Non obvious problem, people will ask me, what do I want to drink? And if I don’t know them it’s kind of hard, it becomes a Q&A, I interview them, “What did they have for lunch?” What might be on their palate, kind of an oddball technique I use. It’s interesting when people want me to craft them a drink, and I’m happy to, but you know, some people hate rum, some people only want vodka.
I’ve actually put together a drink menu for happy hour with suggested cocktails. Feedback has been very positive, especially for the Hunny Bunny- vodka, lemon, Chambord and ginger beer.
B: So if someone comes in and wants you to craft a drink for them, what are some of the good baselines for them to give you? Liquor preferences?

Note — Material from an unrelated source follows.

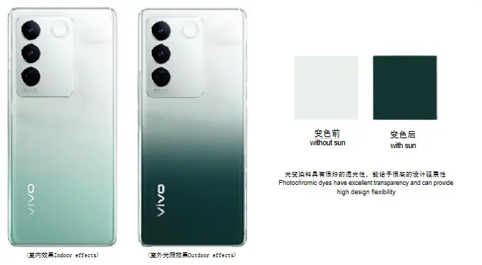Philchromic ပစ္စည်းသည် Microscapsuls တွင် microlecapsules များတွင် MicronSposules တွင်ဆေးကြောသန့်စင်ခြင်းများကိုထုပ်ပိုးခြင်းဖြင့် Micronscapsules တွင် MicronStiolet ၏စွမ်းအင်ကိုစုပ်ယူနိုင်ပြီး Sunlight (ခရမ်းလွန်ပုံစံပြောင်းလဲခြင်းကိုစုပ်ယူနိုင်ပြီးစုပ်ယူအလိုင်း၏အပြောင်းအလဲများဖြစ်ပေါ်စေနိုင်သည်။ နေရောင်ခြည် (ခရမ်းချဉ်သီး) စွမ်းအင်ပျောက်ဆုံးသောအခါ၎င်းသည်မူရင်းမော်လီကျူးဖွဲ့စည်းပုံသို့ပြန်သွားပြီးမူရင်းအရောင်ကိုပြန်လည်ရရှိစေသည်။ လက်ခဏာ:
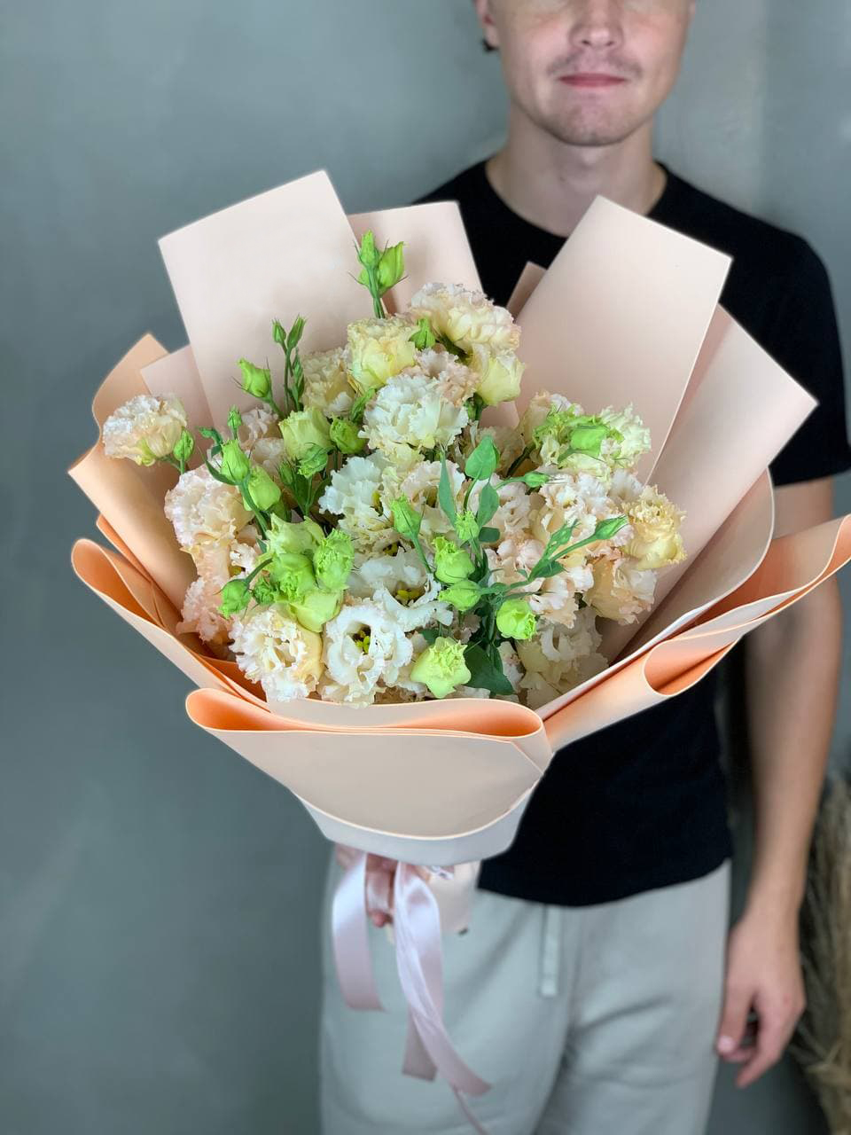 Пять веточек эустомы дополнены эвкалиптом и собраны в компактную композицию. Серебристая зелень добавляет глубину и свежесть между пышными бутонами. Лаконичный букет с продуманной структурой.

J: Gimlet is easy to do, fresh lime juice, easy to do with gin or vodka.
I make quite a Mai Tai. rum, lime juice, pineapple, a variation on the theme.
B: Are are you able to make a Mai Tai at the skylark?
J: Absolutely. keep a bottle of Orgeat behind the bar just for Mai Tais.
B: Yeah, I wasn’t sure, because don’t a lot of tiki drinks have fresh fruit in them?
J: I use fresh lemon and lime juices. The other juices, you generally don’t see fresh, maybe grapefruit at some bars, but passionfruit, pineapple, all that stuff is going to come in a can.
B: Alright, guess I’ll have to get a Mai Tai the next time I’m there.
J: I’d love to make you one for you.
B: What’s more fun for you to serve or better for you behind the bar? Just crank beers out? More involved drinks?
J: I love crafting a good cocktail, the industry has changed so much, a lot of bars have pretty extensive cocktail programs, for example Dalva up the street, their hideout that they have, lots of interesting cutting age foodie sorts of drinks. Skylark is more minimalist, but it’s been fun working to update the menu. It’s easy for me to crank out a beer and a shot, I don’t really mind making a manhattan, some bartenders get surly if someone orders a manhattan or a martini, and I feel like that’s par for the course. You’re never too busy to make something like that. I mean, we have no mint, so mojito’s are off the table, those are pretty time consuming, but generally I’m happy to mix it up and put together the right selection of drinks for people. We do our best.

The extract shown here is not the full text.